Pattern matching json lines using Circe and filtering based upon decoded case class value


I have a very large file of json lines, which I intend to read into a list of case classes. Due to the size of the file, rather than reading the entire file into a variable first and then filtering, I would like to filter within the json decoding pattern matching. Currently the code looks like this:

import io.circe.Decoder
import io.circe.generic.semiauto.deriveDecoder
import io.circe.parser.decode

case class Person(name: String, age: Int, country: String)

val personList: List[Person] =
    Source.fromResource("Persons.json").getLines.toList.map { line =>
      implicit val jsonDecoder: Decoder[Person] = deriveDecoder[Person]
      val decoded = decode[Person](line)
      decoded match {
        case Right(decodedJson) =>
          Person(
            decodedJson.name,
            decodedJson.age,
            decodedJson.country
          )
        case Left(ex) => throw new RuntimeException(ex)
      }
    }

however, if I wanted to only include Person instances with a country of "us", what would be the best way to accomplish this? Should I have nested pattern matching, that will specifically look for Person(_, _, "us") (im not sure how I would accomplish this), or is there some way I can implement Option handling?


Solution

  • You could do something like this:

    import io.circe.Decoder
    import io.circe.generic.semiauto.deriveDecoder
    import io.circe.parser.decode
    
    case class Person(name: String, age: Int, country: String)
    
    implicit val jsonDecoder: Decoder[Person] = deriveDecoder[Person]
    
    val personList: List[Person] =
      Source
        .fromResource("Persons.json")
        .getLines
        .flatMap { line =>
          val decoded = decode[Person](line)
          decoded match {
            case Right(person @ Person(_, _, "us")) => Some(person)
            case Right(_)                           => None
            case Left(ex) =>
              println(s"couldn't decode: $line, will skip (error: ${ex.getMessage})")
              None
          }
        }
        .toList
    
    println(s"US people: $personList")
    

    A few things to note:

    • I moved the .toList to the end.
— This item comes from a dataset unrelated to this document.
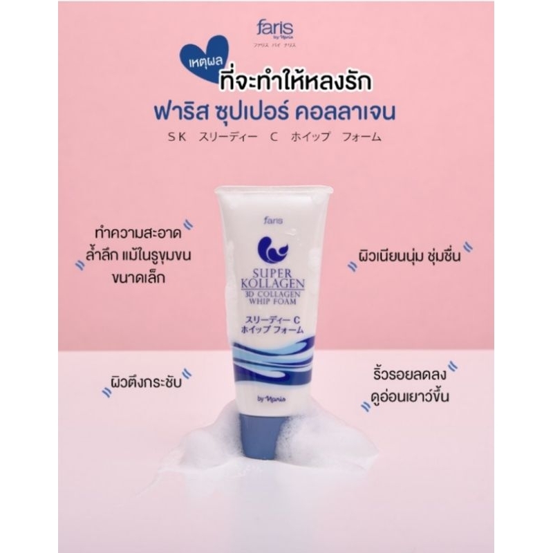 โฟมล้างหน้าฟาริส ซุปเปอร์ คอลลาเจน ทรีดี คอลลาเจน วิปโฟม 👍ของแท้ 💯% 👍หมดอายุปี 23/01/28

In your implementation, you called it right after .getLines which kind of loses the lazyness of the whole thing. Assuming there's only a few US people out of huge number of people in the JSON file, this can be beneficial for performance & efficiency.
    • Wrapping each iteration's result in an Option along with flatMap over the original Iterator we're running upon is very helpful to get this kind collection filtering.
    • I didn't throw an exception upon an error, but rather logged it and moved on with a None. You could also accumulate errors and do whatever you want with them after all iterations are done, if that's helpful to you.
    • The @ in person @ Person(_, _, "us") can be used for something like "match & bind" upon the whole object in question.
    • As the comment to the original question noted - no need to re-instantiate the implicit Decoder upon each iteration. You can just pull it one layer up, as I did in my example.